Plot by all stakeholder groups

# plot responses for development priorities for all stakeholder groups
y_levels <- levels(YL$rcode)
ggplot(pcdf, aes(x = rid, 
        y = col, group=row))+ 
        labs(title = "General Issues Facing Myanmar:", 
            subtitle = "Development Priority")+
        xlab("Three responses")+
        ylab("Response code")+
        geom_path(aes(color = SGname), lineend='round',
            linejoin='round', size=0)+
            scale_y_discrete(limits = y_levels)+
            scale_size(breaks = NULL, range = c(1, 35))
plot of chunk unnamed-chunk-9

Define the order of drawing the groups of lines

The idea is from “ggplot2: Determining the order in which lines are drawn”: http://blog.mckuhn.de/2011/08/ggplot2-determining-order-in-which.html.
pcdf$o1 <- as.factor(apply(format(pcdf[,c("SG_1", "row")]), 1, paste, collapse=" "))
pcdf$o2 <- as.factor(apply(format(pcdf[,c("SG_2", "row")]), 1, paste, collapse=" "))
pcdf$o3 <- as.factor(apply(format(pcdf[,c("SG_3", "row")]), 1, paste, collapse=" "))
pcdf$o5 <- as.factor(apply(format(pcdf[,c("SG_5", "row")]), 1, paste, collapse=" "))
pcdf$o6 <- as.factor(apply(format(pcdf[,c("SG_6", "row")]), 1, paste, collapse=" "))
pcdf$o7 <- as.factor(apply(format(pcdf[,c("SG_7", "row")]), 1, paste, collapse=" "))
Previous plot shows that some respondents didn't identify the SG they belong.
So rows for pcdf$g1r with NA's have to be dropped from the data frame.
pcdf.1 <- pcdf[!is.na(pcdf$g1r),]
nrow(pcdf.1)
## [1] 445

Create plots with emphasis on a particular stakeholder group

Two plots were drawn for Stakeholder Groups SG_3 and SG_7 with headings, labels for axes, thicker line size, front line color blue and background line color yellow.
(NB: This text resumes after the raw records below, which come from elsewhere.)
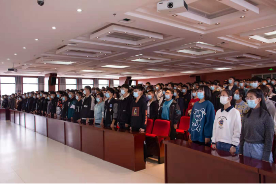 新生代表、材料类213班张泽达同学发言。号召同学们作新时代的青年,勇担责任、勇敢去闯,不负韶华、不负青春,争做有材有料的材料人,奏响“强国有我”最强音。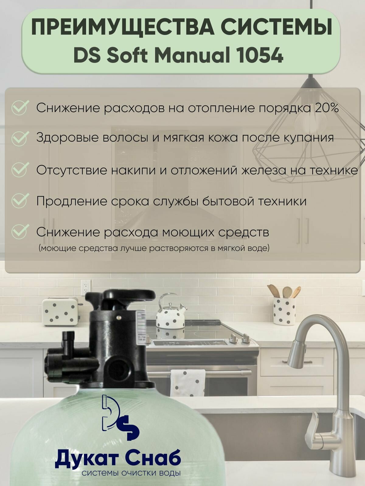 Система очистки воды Manual 1054. Комплект фильтр умягчения и обезжелезивания воды для дома, квартиры и дачи под загрузку. Потребители до 4 человек. информация: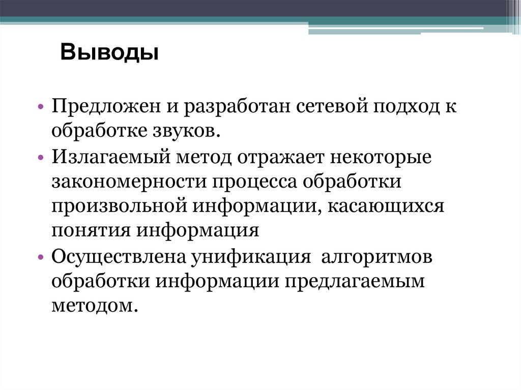 Выводы• Предложен и разработан сетевой подход к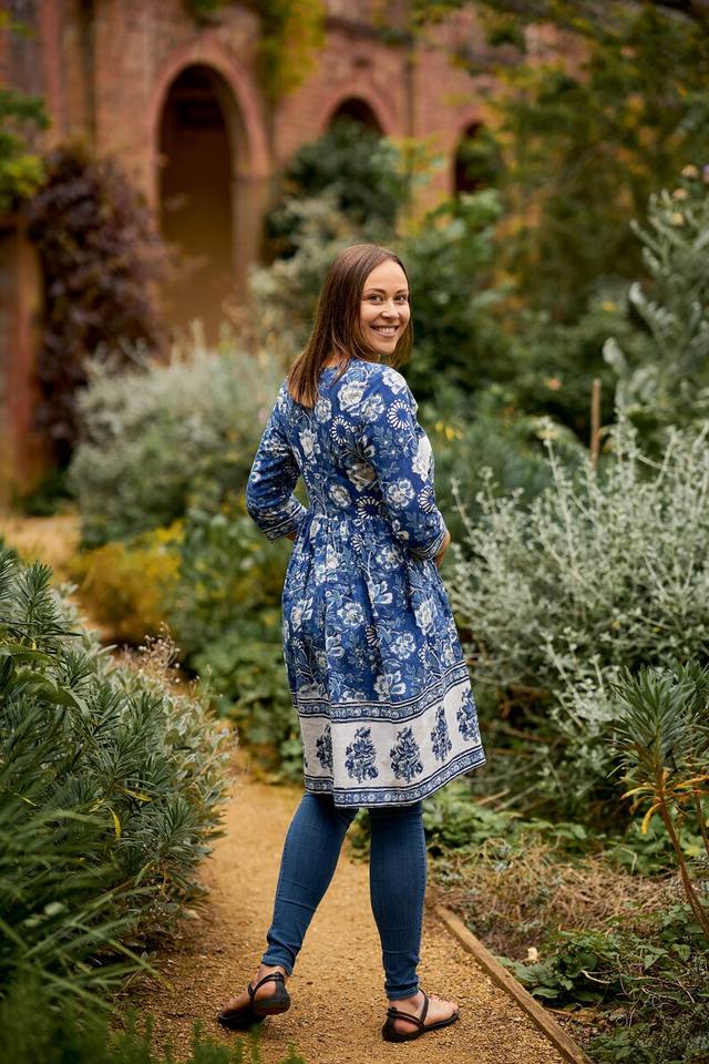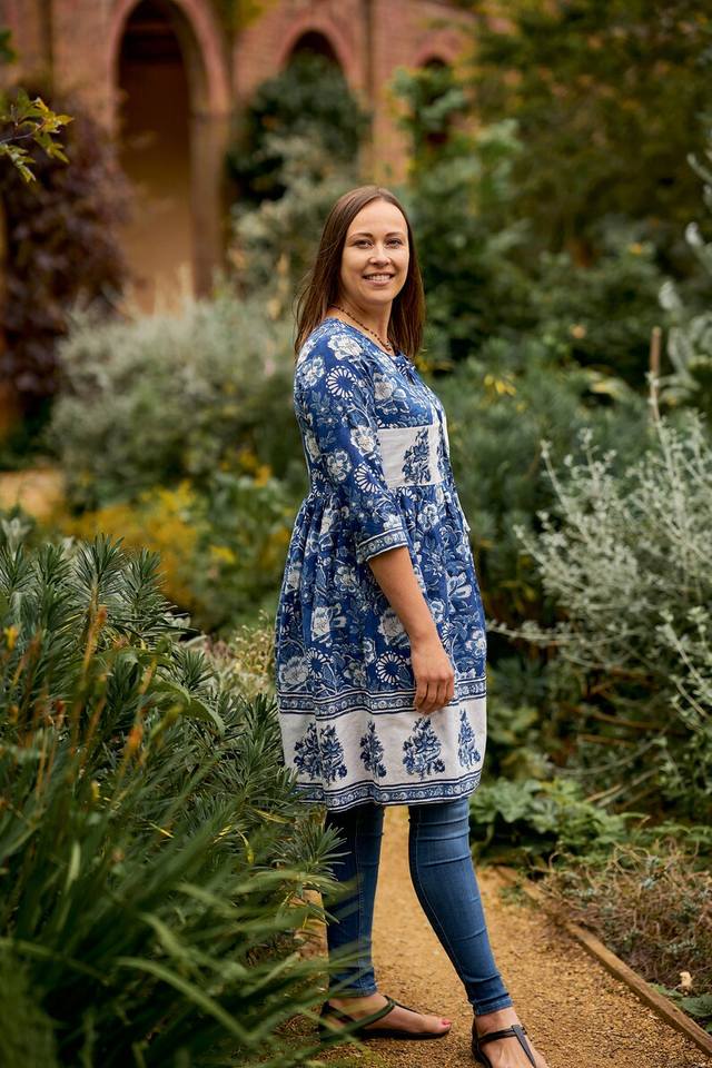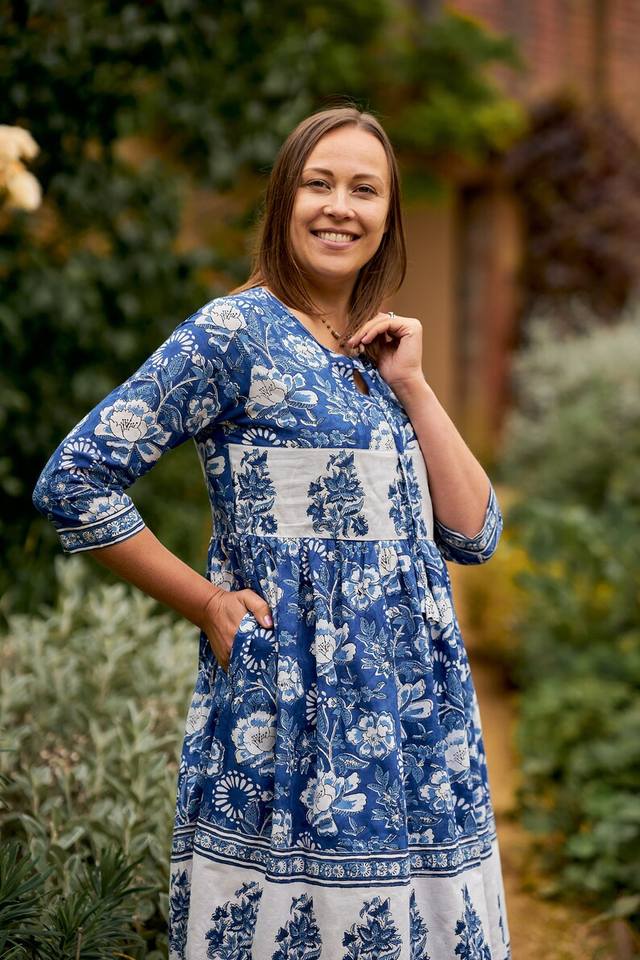 New Kanana Tunic Dress Pure Cotton Hand Block Printed Bohemian Casual Occasional Holiday Summer Blue White Handmade

This is done by using “scale_colour_manual(values=c('blue','yellow'))”. I was happy playing with many combinations of two different colors before I settled with blue and yellow.
Find out what staggering number of colors you could use by “colors()”. To know how ggplot2 define the colors of factors, Q/A such as these may be useful: https://stackoverflow.com/questions/46393082/ggplot2-why-is-color-order-of-geom-line-graphs-reversed, and https://stackoverflow.com/questions/9887342/ggplot2-plotting-order-of-factors-within-a-geom.
Legend is placed at the bottom of the plot. Plots for the remaining groups could be drawn by changing the group=, subtitle, and color= appropriately.
# for SG_3
plot <- ggplot((pcdf.1), aes(x = rid, 
        y = col, group=o3))+ 
        labs(title = "General Issues Facing Myanmar: \n Development Priority", 
            subtitle = "(Group-3 vs. All Others)")+
        xlab("Three responses")+
        ylab("Response code")+
        geom_path(aes(color = SG_3), lineend='round',
            linejoin='round', size=.8)+
            scale_colour_manual(values=c('blue','yellow'))+
            scale_y_discrete(limits = y_levels)+
            xlim("First","Second", "Third", "(Fourth)")+
            scale_size(breaks = NULL)
        plot + theme(legend.text = element_text(size = 8, hjust = .1, vjust = .1),
        legend.position = "bottom")
plot of chunk unnamed-chunk-12
# for SG_7
plot <- ggplot((pcdf.1), aes(x = rid, 
        y = col, group=o7))+ 
        labs(title = "General Issues Facing Myanmar: \n Development Priority", 
            subtitle = "(Stakeholder Group-7 vs. All Others)")+
        xlab("Three responses")+
        ylab("Response code")+
        geom_path(aes(color = SG_7), lineend='round',
            linejoin='round', size=.8)+
            scale_colour_manual(values=c('blue','yellow'))+
            scale_y_discrete(limits = y_levels)+
            xlim("First","Second", "Third", "(Fourth)")+
        scale_size(breaks = NULL)
        plot + theme(legend.text = element_text(size = 8, hjust = .1, vjust = .1),
        legend.position = "bottom")
plot of chunk unnamed-chunk-13